ACTIVITY :: Repeat, exactly as they appear, the lines from the one with "全年房地產開發(fā)投資7" through the last line of the entries below, but none of the pictures.

DATA SUPPLIED ::
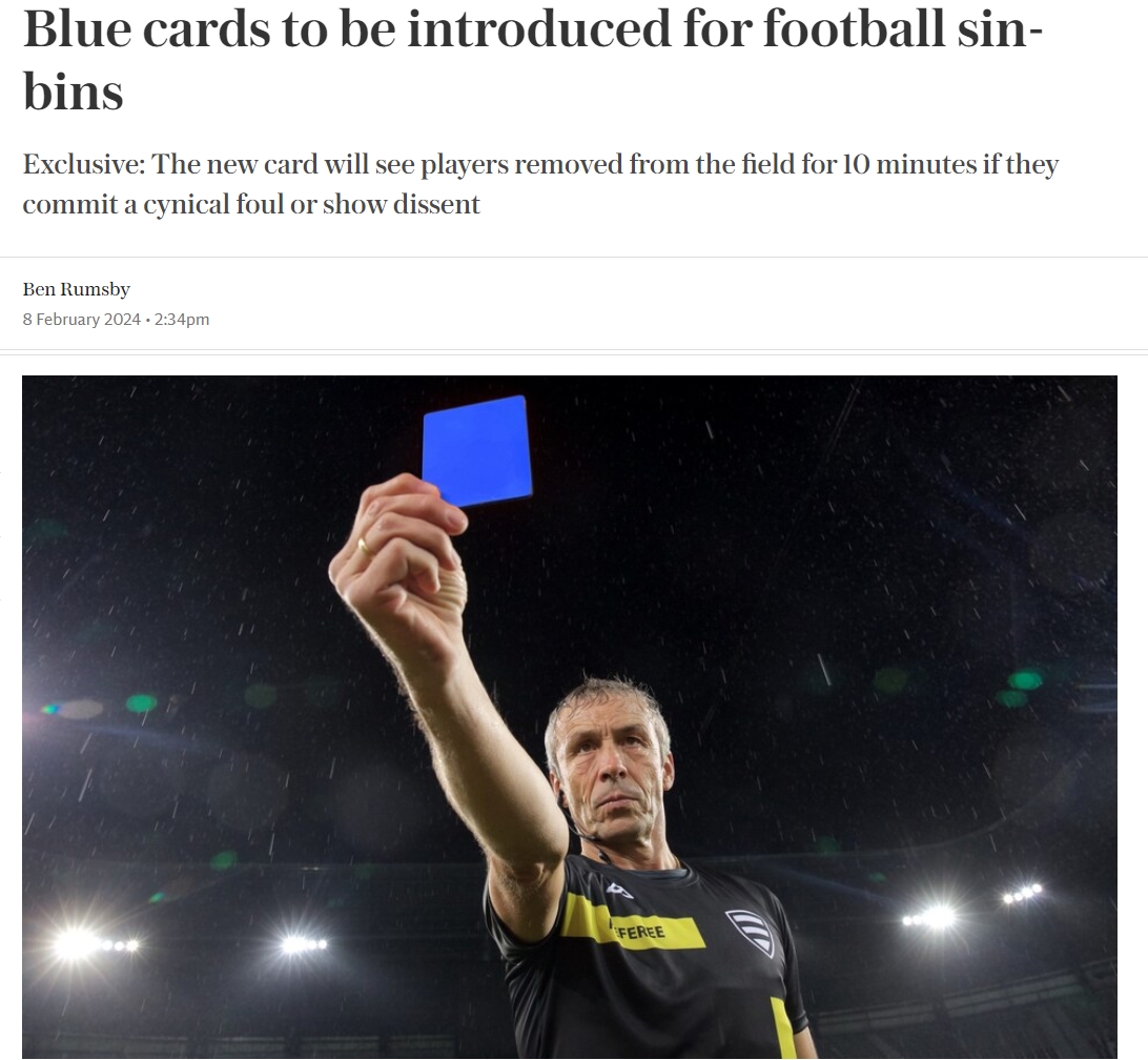 电讯报:足球比赛将引入蓝牌、犯规、破坏性威胁、进攻性抗议将导致10 分钟处罚
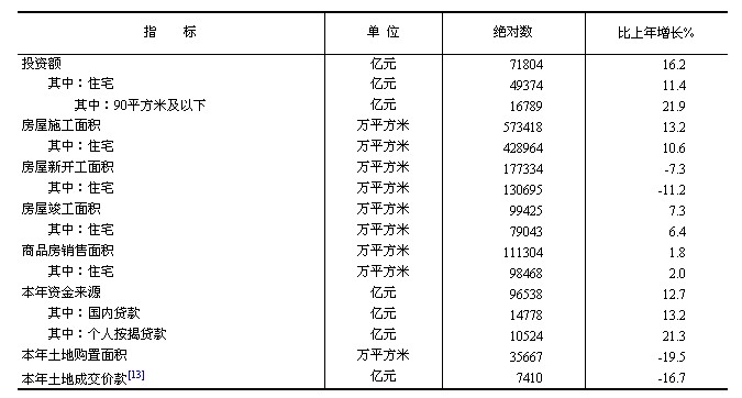 全年房地產開發(fā)投資71804億元,比上年增長16.2%。其中,住宅投資49374億元,增長11.4%;辦公樓投資3367億元,增長31.6%;商業(yè)營業(yè)用房投資9312億元,增長25.4%。
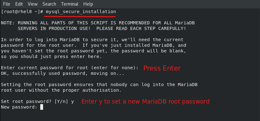 When it asks you to enter MariaDB root password, press Enter key as the root password isn’t set yet. Then enter to set the root password for MariaDB server.
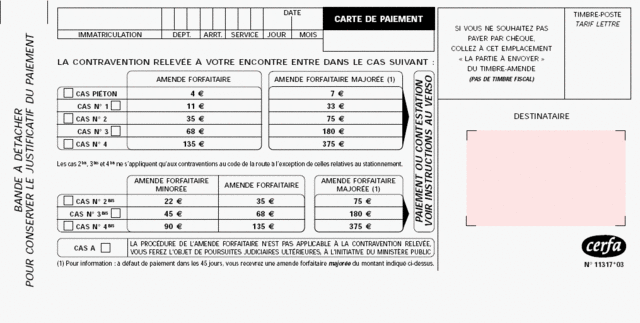 - Joindre la carte de paiement jointe à l’avis de contravention sans l’agrafer ni la coller
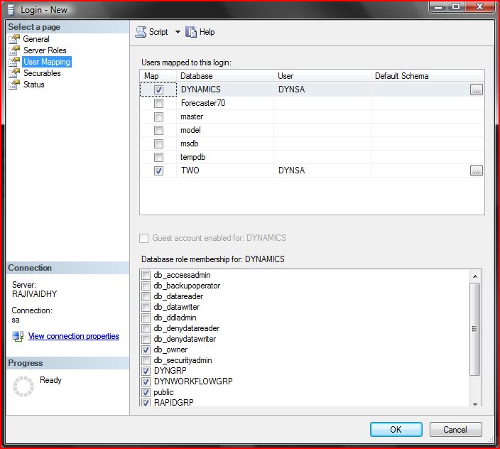 Just one thing which never got clarified: Why in the world the DYNSA user was not created when I installed GP 10.0 on my laptop for the first time? And if it actually did, why and when did it get deleted from my Database Logins?

WRITTEN SOLUTION ::
 全年房地產開發(fā)投資71804億元,比上年增長16.2%。其中,住宅投資49374億元,增長11.4%;辦公樓投資3367億元,增長31.6%;商業(yè)營業(yè)用房投資9312億元,增長25.4%。
 When it asks you to enter MariaDB root password, press Enter key as the root password isn’t set yet. Then enter to set the root password for MariaDB server.
 - Joindre la carte de paiement jointe à l’avis de contravention sans l’agrafer ni la coller
 Just one thing which never got clarified: Why in the world the DYNSA user was not created when I installed GP 10.0 on my laptop for the first time? And if it actually did, why and when did it get deleted from my Database Logins?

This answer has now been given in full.